Д. ГАВРИЛОВ: Что они говорят о войне вообще? Как?
А. ВАСИЛЬЕВ: Вы с ума сошли? Я не могу говорить с людьми по телефону. Я могу говорить: «Как здоровье?»
Д. ГАВРИЛОВ: В мессенджере, в Сигнале.
А. ВАСИЛЬЕВ: Вы верите?
Д. ГАВРИЛОВ: Нет.
А. ВАСИЛЬЕВ: Вы верите в анонимность Сигнала?
Д. ГАВРИЛОВ: Не верю.
А. ВАСИЛЬЕВ: Ну вот. Ну просто зачем подставлять людей? Поэтому мы поздравляем с днем рождения или «как мама?», «как что?». Ну, примерно.
Д. ГАВРИЛОВ: А чем вы здесь занимаетесь, в Латвии?
А. ВАСИЛЬЕВ: Ничем. Я пенсионер. Когда я занимался «Гражданином поэтом», тут два с половиной месяца было напряженной работы. И, конечно, это очень клево и плюс ностальгия. Но я очень жаловался своему сыну. Я говорил: «За что мне это?» То есть я вставал рано. Там сын говорил маме своей: «Слушай, я просыпаюсь – он за компьютером сидит.
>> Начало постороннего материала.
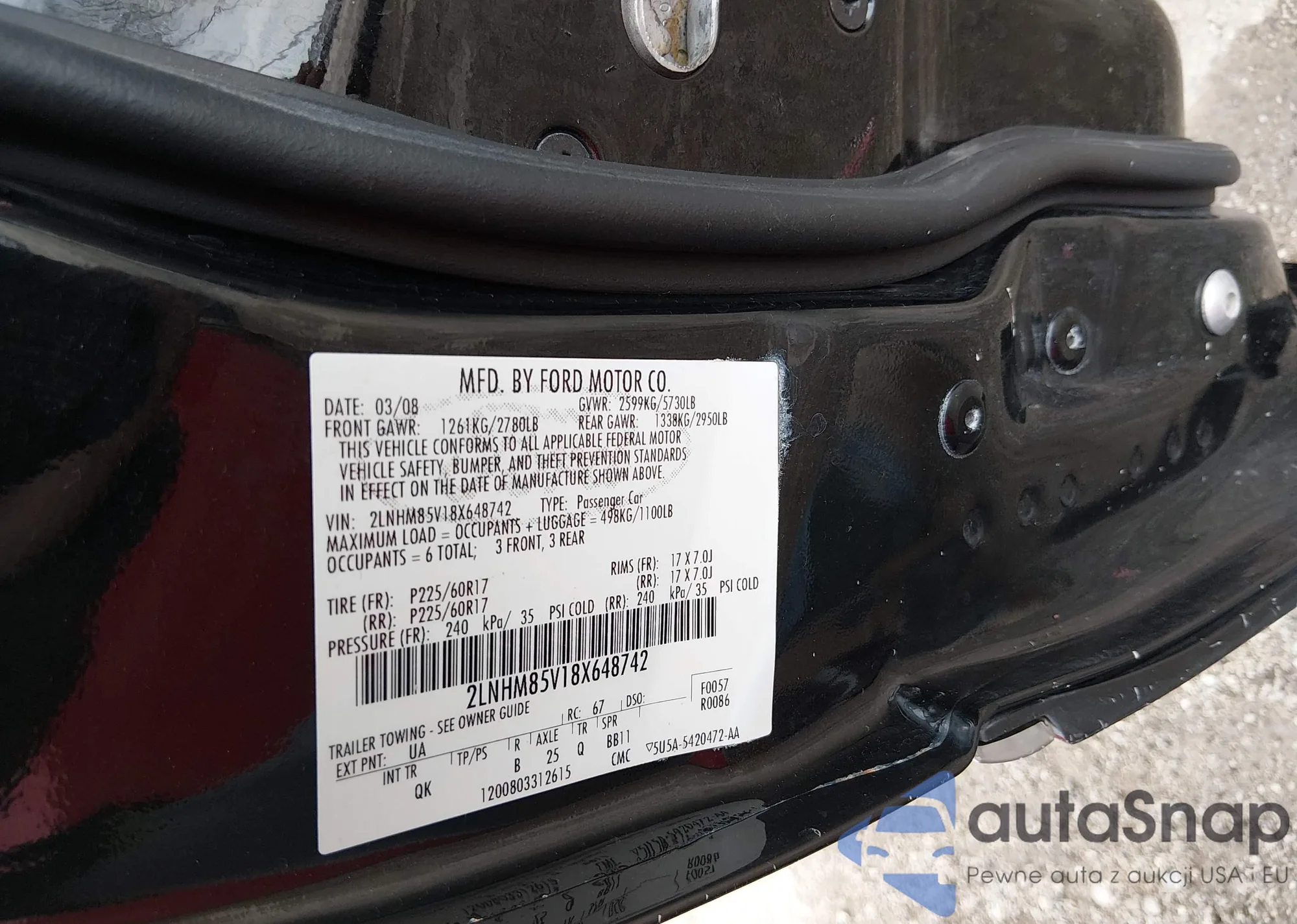 LOT: 44638253 VIN: 2LNHM85V18X648742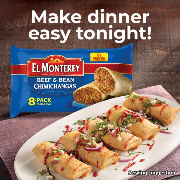We’ve got that big chimi energy… and you will too when you sink your teeth into El Monterey Beef & Bean Chimichangas. Our frozen chimichangas are lightly-fried to give the tortilla a crispy bite. Just grab the blue package for Beef & Bean Chimis or try a few different colors from the rainbow of flavors in the frozen Mexican food section. El Monterey Beef & Bean Chimichangas are great with a side of salsa, hot sauce, guacamole, or sour cream. They’re even better alongside your favorite veggies or side dish. Drop them in your air fryer to level up the crispiness or serve them up fast from your microwave or traditional oven. Big chimi energy? We’ve got that and more, including El Monterey breakfast burritos, crispy taquitos, enchilada meals, and frozen dinners. Now that’s a fiesta!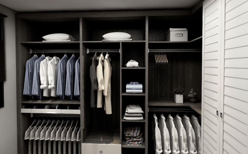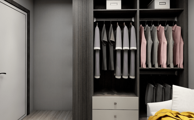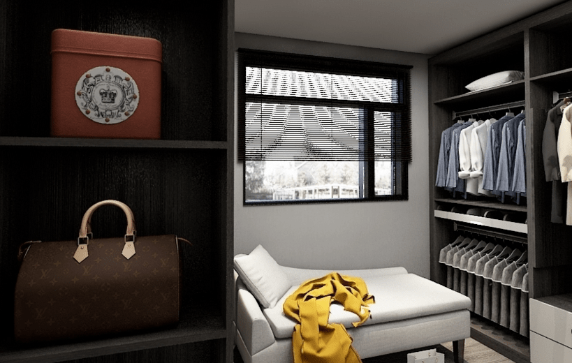 衣帽間以深色柜體搭配灰色系柜門 男女區分開,鞋柜設計為百葉門,便于空氣流通,細致的擺設彰顯品位,現代設計中的表現手法使整體空間更加簡單,充滿格調。

Санитаров, что ли, вызвать?» Но, в сущности, у меня, конечно, пенсионерская такая тема. И, в общем, она для меня достаточно комфортная.
Д. ГАВРИЛОВ: После начала войны вы почувствовали изменения? Изменилось ли отношение к вам как к россиянину?
А. ВАСИЛЬЕВ: Нет, я, конечно, это не почувствовал лично на себе. Наверное, это не очень корректная тема.
Д. ГАВРИЛОВ: Ну, это понятно.
А. ВАСИЛЬЕВ: Но ко мне нет. Вот просто нигде. Я где там был, в Испании, все время же езжу куда-то там, в том же Лондоне моем любимом…
Д. ГАВРИЛОВ: Но к вам относятся как к Андрею Васильеву все-таки, наверное, а не как к россиянину.
А. ВАСИЛЬЕВ: Нет, здесь-то меня, конечно, знает каждая собака на этих 10 километрах Юрмалы. Ну, в Вильнюсе. Кстати сказать, когда началась война, я был в Вильнюсе. Очень, кстати, классная история. А почему я уехал немедленно в Вильнюс? Потому что я понял, что я прилипну к телевизору и это будет просто такой дурдом. И я думаю, куда-нибудь поеду, просто чтобы не сидеть перед ним и не щелкать там.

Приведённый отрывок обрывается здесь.